Finally on the last day Eze told me that he had been watching me throughout the conference, how I went and took care of the babies while their mothers spoke, or got someone something to drink, or helped sweep the floors after, cleaned up empty cups and such. He said, “You are like the African women. You are always helping and watching and walking around the edges of everything with an eye to it all. But,” he said firmly, “you should not be on the edges,” he declared as he tapped his fingers on the edges of the drum, emitting the soft sound that comes from those tight, wooden areas. He said boldly, “You should be HERE.” And he banged the center of the drum head making a loud, powerfully resonant sound. Booooooommmmmmmmm. He was admonishing me for holding myself back. I think he could see through me all the way to my core.
I later worked with Eze for about 9 months in a very intense initiation process, flying between Los Angeles and Seattle several times, and applying myself regularly to tasks and assignments he gave me in between times, one of which was to shave my head. I said to him, “Ok, I’ll do it, but I’m going to go into the woods and stay there alone on a vision quest for 10 days right after I do it so that I know who I am and why I am doing this.” I was then teaching in a college and at a graduate school, so the shaved head idea was hugely challenging. I did the 10-day vision quest, and survived baldness.
Last December a friend came to my retreat here on the mountain. He noticed behind my couch a little drum that I had bought in Africa when I was 19 years old. The skin on the drum was cracked through, and I had been told a new head could not be put on it. So it sat, like a sad but loved artifact, behind my couch next to other fancier, usable drums.
My friend took that drum with him when he left, for some reason drawn to it and saying “Sure it can be fixed!” This fellow doesn’t understand the word “can’t” anyway. Just a couple of days ago I got a package in the mail – my little drum, the little drum that thought it couldn’t – with a gorgeous new goat skin head on it. It’s sound is divine.
Today I finally began again on a book that I had completed the first draft of in 2003 which has been sitting for years on a shelf because I didn’t think I knew how to proceed with it. Something didn’t feel right about it and I could not seem to figure out what or why or how to think about it. Today suddenly I see it. I wrote a new introduction, and miraculously feel like I know where to go from here.
I’m thinking of Eze. That boom on the drum.

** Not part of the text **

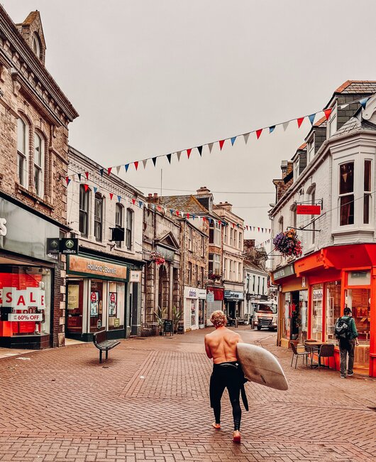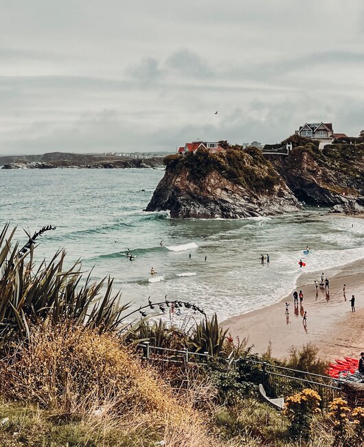 Both places are paradises for surfing. I parked the V339 in Newquay for a few nights. There are several car parks there for a daily fee of around six pounds, where you can also park overnight. Newquay is particularly busy in summer. Many tourists, mainly from more northerly areas in England, appreciate the traditional English town right by the sea. I found the mix of surf culture and Old English Town particularly exciting. You can walk directly from the beach to the pubs in the town to treat yourself to a portion of pub food after a few hours in the water. Croyde is about 2.5 hours north of Newquay. The road to Croyde, or almost all "roads" in Cornwall, turned out to be an adventure - narrow, single lane and with earth or stone walls on the left and right. And then there's the oncoming traffic. There are many bays to avoid oncoming traffic, but even these bays are often of little help with a motorhome, as they usually offer barely enough space for a car. I was also greeted by beautiful sandy beaches in Croyde, which I would never have expected in England. It's unbelievable how tropical the beaches look - turquoise water and the finest sand are reminiscent of Fiji or Hawaii. Only the temperatures of 16 to 18 degrees quickly make you realise that you are in England.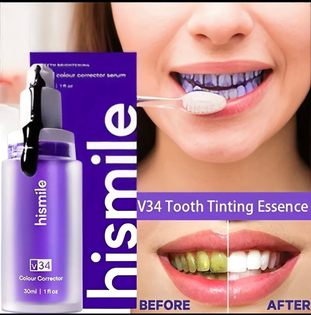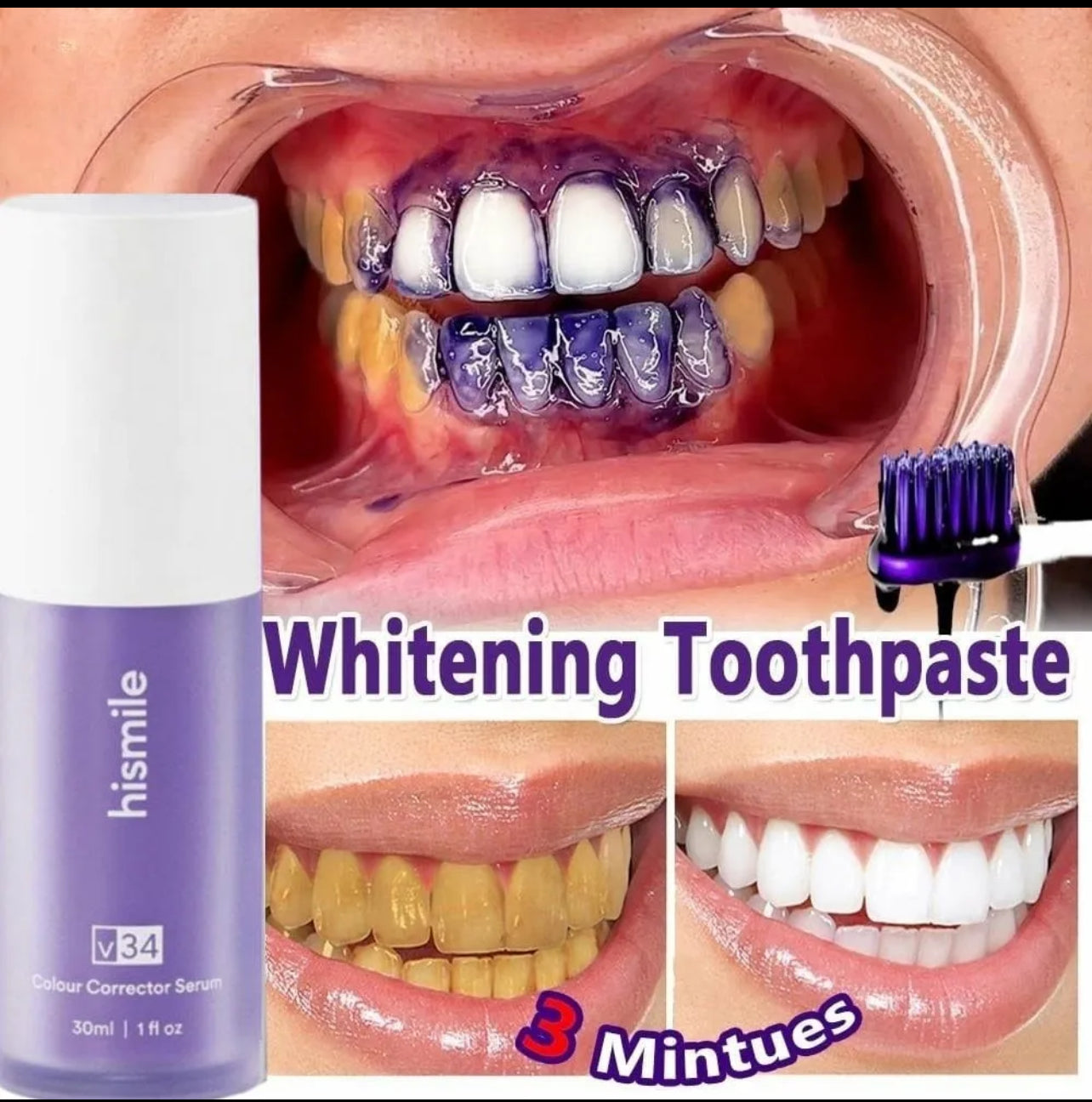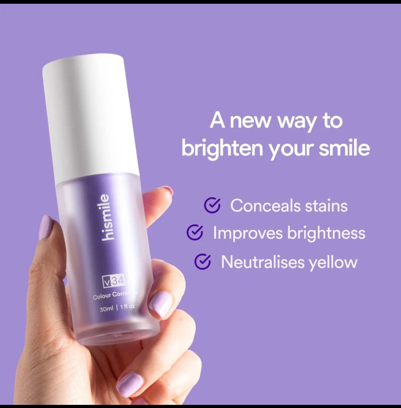 Instantly brightens teeth using color-correcting technology

His admonishment to me for staying on the edges. He urgency that I make my music. My friend who fixed the drum has admonished me similarly. Now he has given me this drum. And soon after my book began again. I can’t help but feel the metaphor.
Boom. Here I come. Have drum will write.
I am just this moment reminded of a big dream I had maybe 30 years ago that foretells this – with a drum and a writing instrument. I will save that story for another day.